Projecting a similar time-based cycle forward from the last halving suggests that we reached the peak of the last cycle at the start of Q4, and that a durable bottom may not be found until closer to the start of Q4 2026:Bitcoin Weekly Chart

Source: TradingView, StoneX. Past performance is no guarantee of future returns.

Beyond the 4-year cycle, the fundamental and technical outlook for Bitcoin is relatively mixed, as we discuss in more detail below.
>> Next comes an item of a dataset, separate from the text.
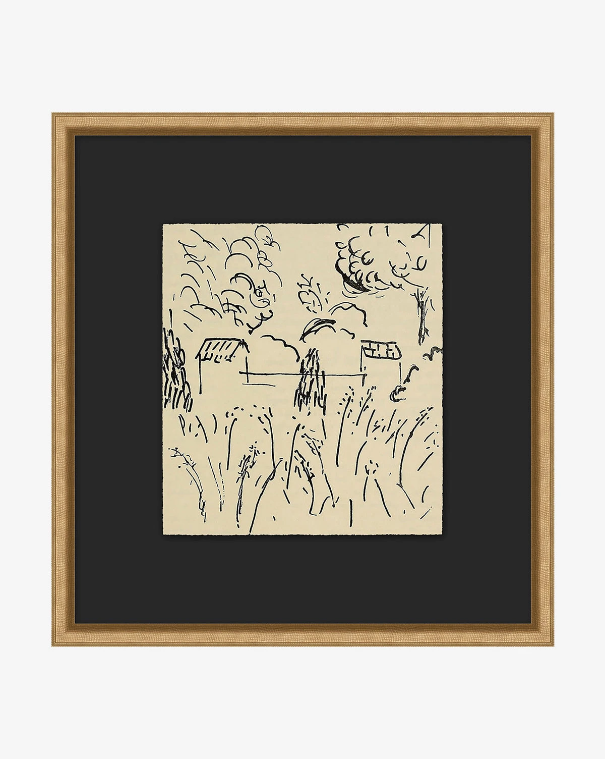 With the feel of a vintage illustration, Courtyard is simple yet captivating. The sketch depicts a plant-filled courtyard, that is warm and inviting in its spaciousness. Deckled and floated on a mat, the piece is framed by gold-finished wood. Â

From a macroeconomic perspective, the monetary policy backdrop has remained generally supportive, though the conflict in Iran and the shuttering of the Strait of Hormuz has central banks shifting toward potential interest rate increases as we go press.

As the chart below shows, global central banks have still been cutting interest rates generally, but we have seen that trend stalling in recent months, with major central banks like the ECB, BOJ, BOC and RBA currently expected to raise interest rates in the coming year:

World Proportion of Central Banks Cutting/Hiking Rates

Source: MacroMicro

Looking ahead, the risk that central banks shift focus back to the risks of re-accelerating inflation may develop into a potential headwind for Bitcoin as we move through Q2, especially amidst generally accommodative fiscal policy across the globe. A prolonged closure of the Strait of Hormuz would only exacerbate that risk.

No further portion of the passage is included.